Não podemos continuar a desperdiçar recursos humanos altamente qualificados como os enfermeiros, e não permitir que possam ser eles os gestores da saúde dos portugueses, permitindo uma maior eficiência na organização e utilização dos cuidados de saúde.

Vamos continuar a estar na cauda da Europa no rácio enfermeiro/doente, enquanto estivermos no topo dos países que mais exporta enfermeiros. Devemos olhar para o futuro da saúde dos portugueses, promovendo a autonomia, fortalecendo e investindo na Enfermagem, naquilo que melhor sabem fazer, cuidar.

Em suma, a criação da Direção Executiva do SNS revelou-se como mais um mau capítulo de um sistema de saúde em crise. Urge reconhecer os erros do passado e adotar medidas concretas para corrigir o rumo. No entanto, isso só será possível se houver um compromisso real com a mudança e uma vontade política de colocar a saúde dos portugueses acima de qualquer interesse partidário.

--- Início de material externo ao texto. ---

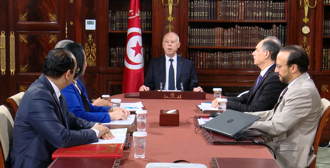 اجتماع رئيس الجمهورية قيس سعيد مع كل من السيدة والسادة محمد علي البوغديري، وزير التربية، والمنصف بوكثير، وزير التعليم العالي والبحث العلمي، ونزار بن ناجي، وزير تكنولوجيات الاتصال، وابراهيم الشائبي، وزير الشؤون الدينية، وأمال بلحاج موسى، وزيرة الأسرة والمرأة والطفولة وكبار السن، حول الاستشارة الوطنية لإصلاح نظام التربية والتعليم.
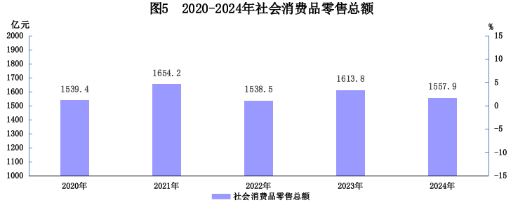 市场消费:2024年全年实现社会消费品零售总额1557.9亿元。
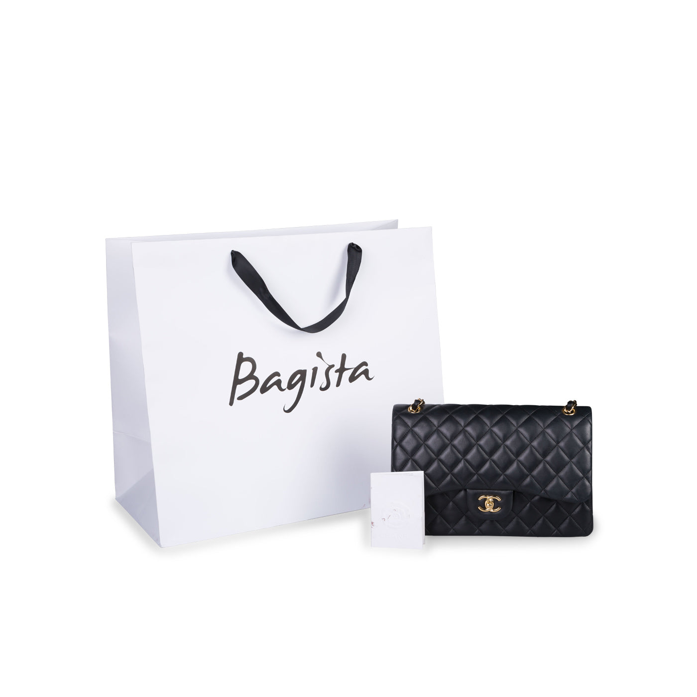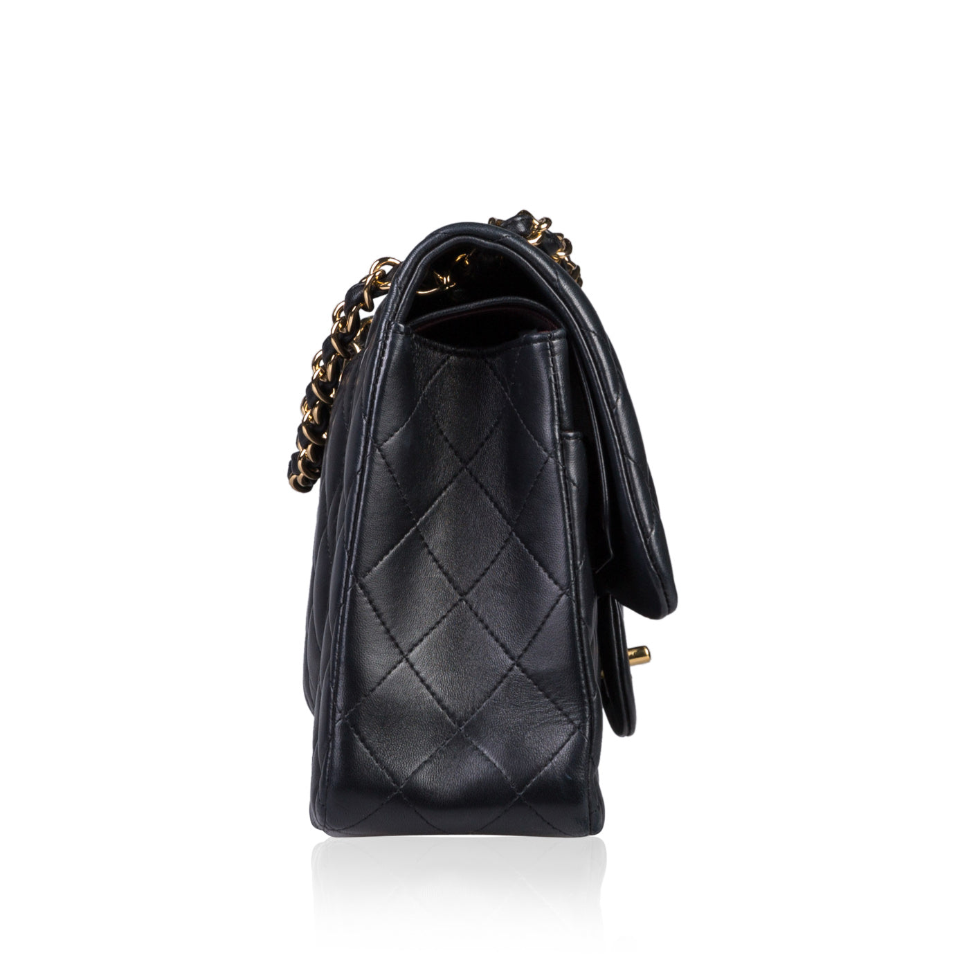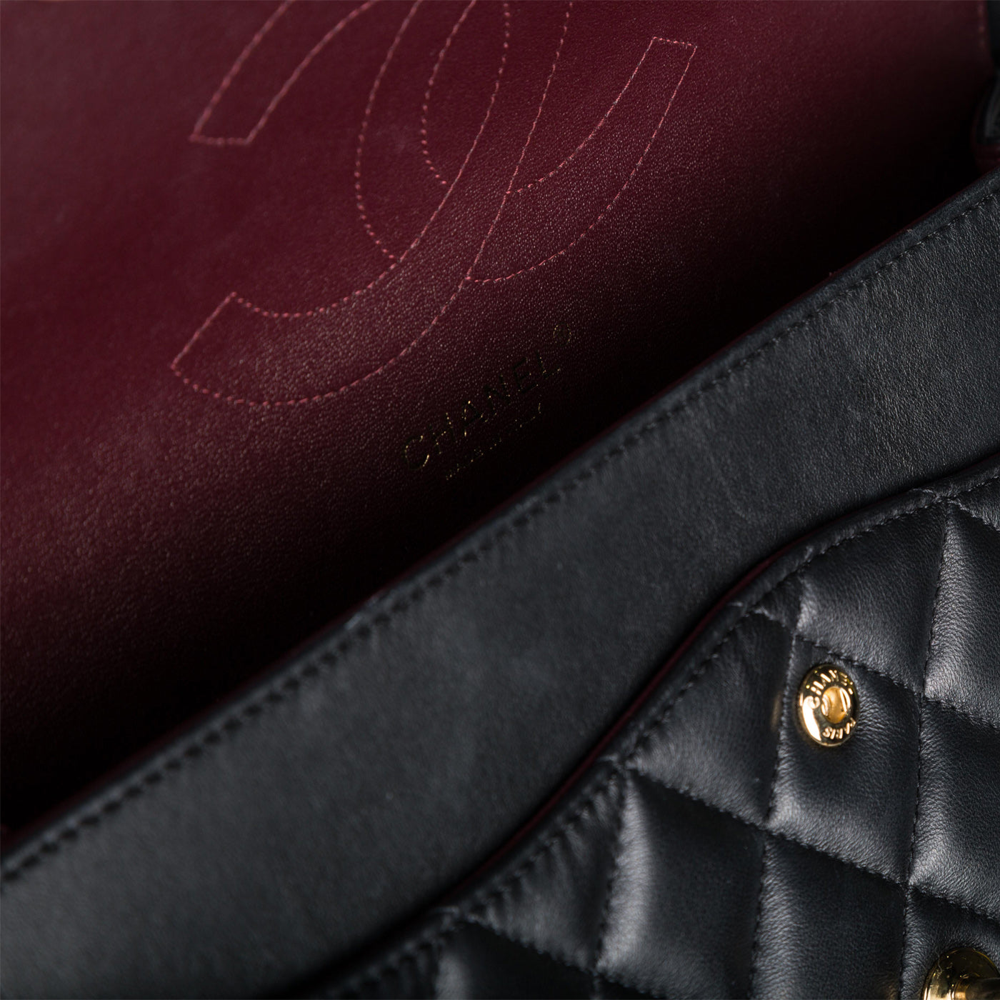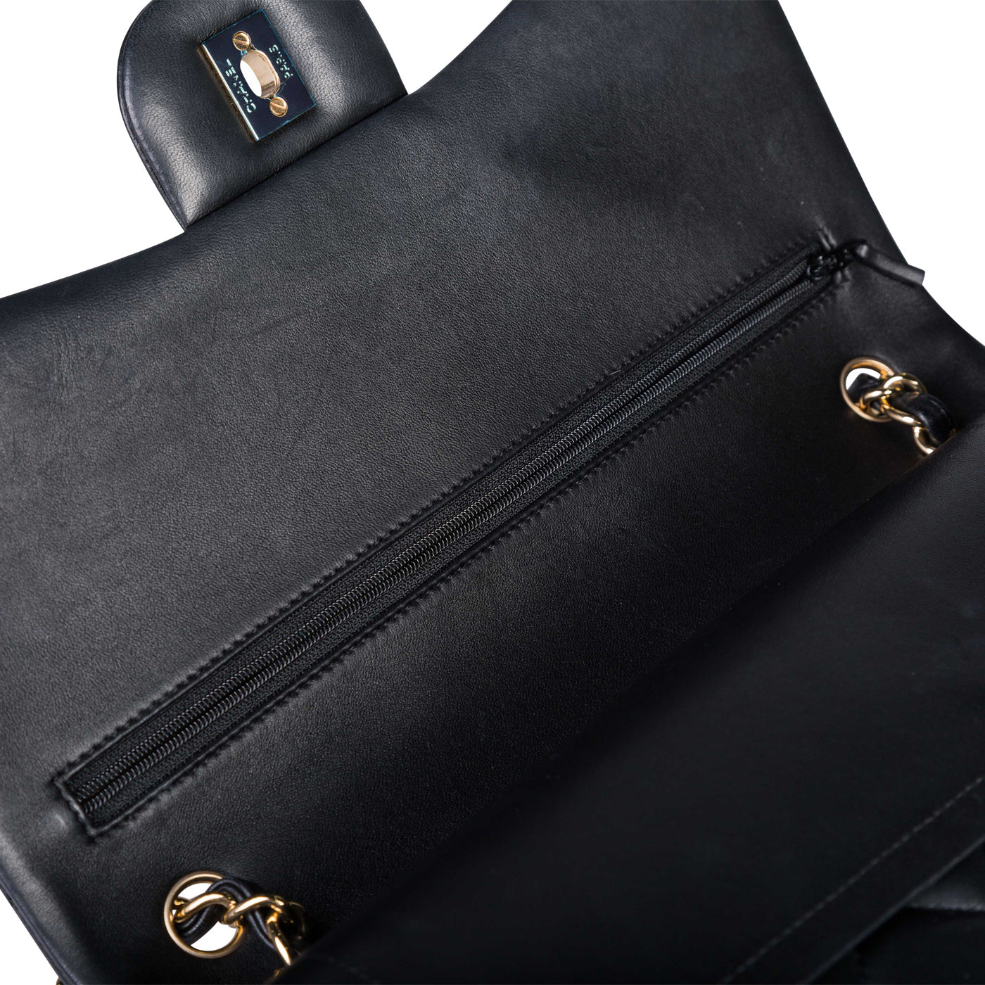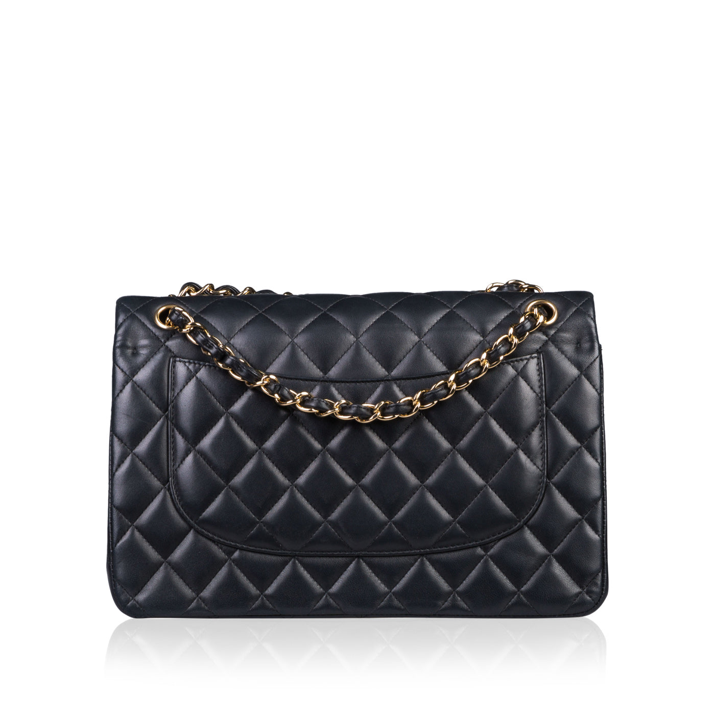 Ah... A classic Chanel bag - always sleek, always sophisticated, and always in style. Karl Lagerfeld continues with Chanel's iconic line of quilted flap bags. This stunning bag crafted in black lambskin leather with gold-tone hardware, is perfect dressed down with trousers and sneakers or dolled up with an elegant dress and heels. Whether you double the chain up or lengthen it for the single shoulder strap, you can be sure you're wearing a piece that not only is rich in history, but that you'll wear forever - because timelessness is always a good look.
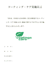 コーティング・ケアの実施にご賛同頂いた会員各社には社内、地域社会、株主に環境・安全・健康の管理活動をアピールしていただくために宣言書をご提出いただいています。(実際の宣誓書はA4大)
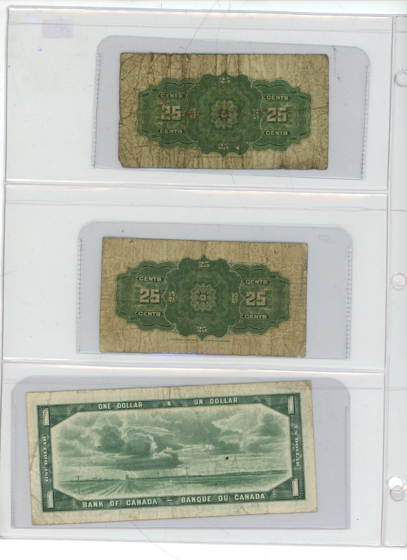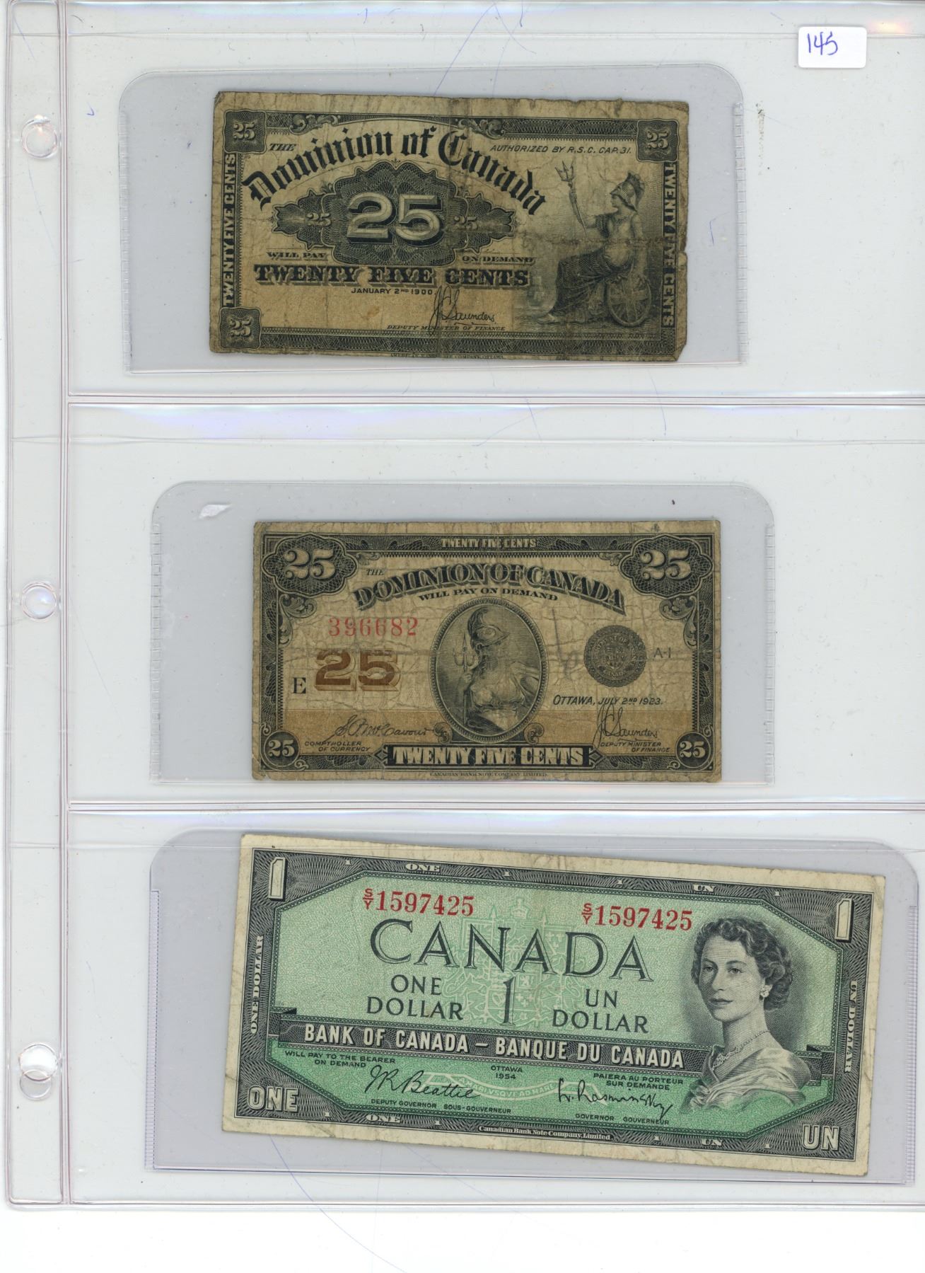 CANADIAN CURRENCY 2 X 25 c 1900/1923. 1954 1$ BILL
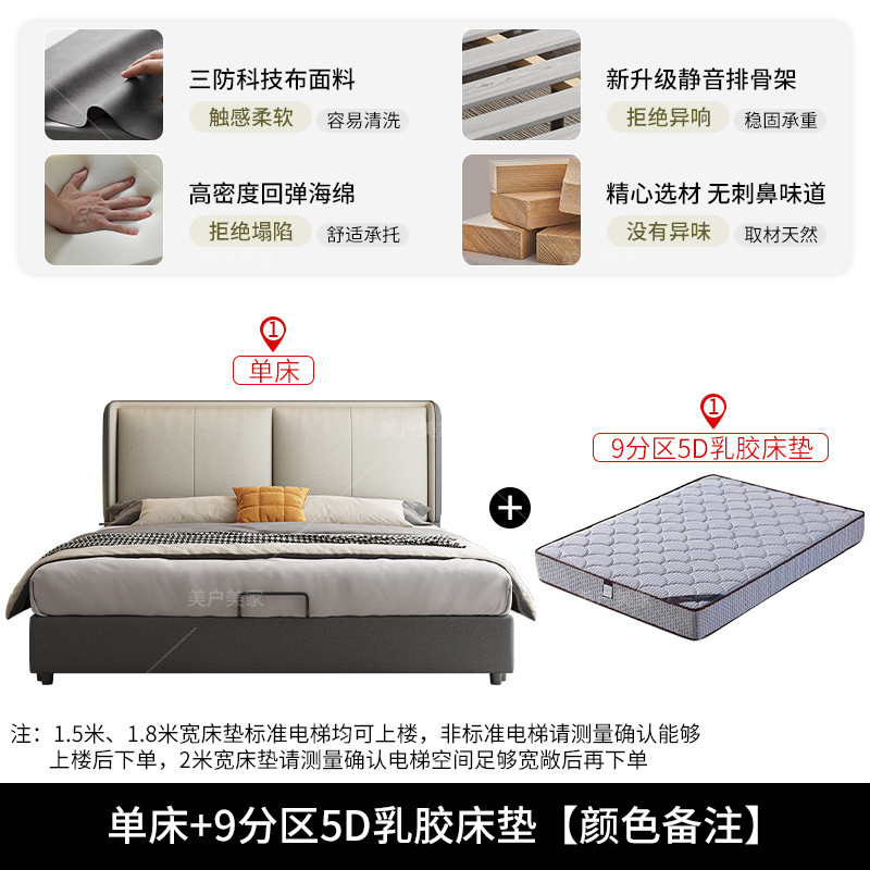 • 테크니컬 패브릭 싱글 침대 + 9존 5D 라텍스 매트리스 + 캐비닛 1개
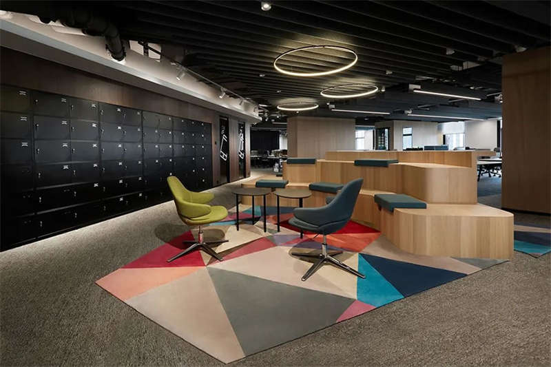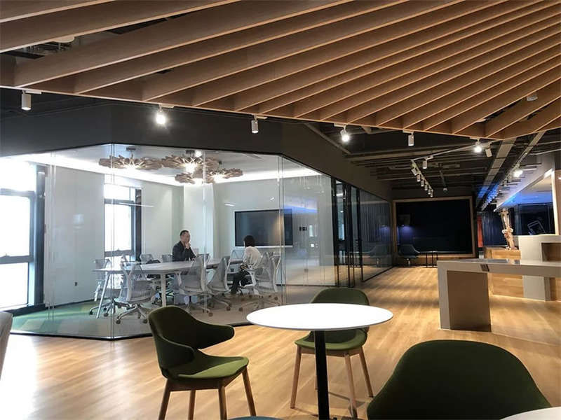 材料運(yùn)用上,采用一系列天然、可再生和低排放的節(jié)能措施和材料,讓員工感受到與自然的聯(lián)系,同時(shí)提供了室內(nèi)聲學(xué)舒適度。還采用了公司貿(mào)易產(chǎn)品——玻璃,各種玻璃的運(yùn)用,充分體現(xiàn)了企業(yè)性質(zhì)及對玻璃加工工藝的理解,既作為裝飾材料,也讓辦公區(qū)各個(gè)區(qū)域都成了產(chǎn)品展示區(qū),電梯廳和門廳運(yùn)用了黑色背烤漆蒙砂玻璃,電梯廳頂部運(yùn)用黑色銀鏡腐蝕雕刻形成總部辦公地所在的區(qū)域地圖,其他區(qū)域也充分將壓花玻璃、幕墻玻璃、淋浴隔斷玻璃及辦公高隔玻璃等進(jìn)行了充分展示。

É necessário que todos os partidos percebam, que qualquer mudança não se faz numa legislatura, que qualquer melhoria não pode ser feita à custa de constantes alterações do modelo de organização assim que mudamos de governo.

Os enfermeiros querem deixar de ser os heróis dos elogios e condecorações e passar a implementar medidas que possam efetivamente melhorar o sistema de saúde português, doutra forma continuaremos esta senda de “remendos”, prejudicando quem não tem culpa, os portugueses e claro a sua saúde.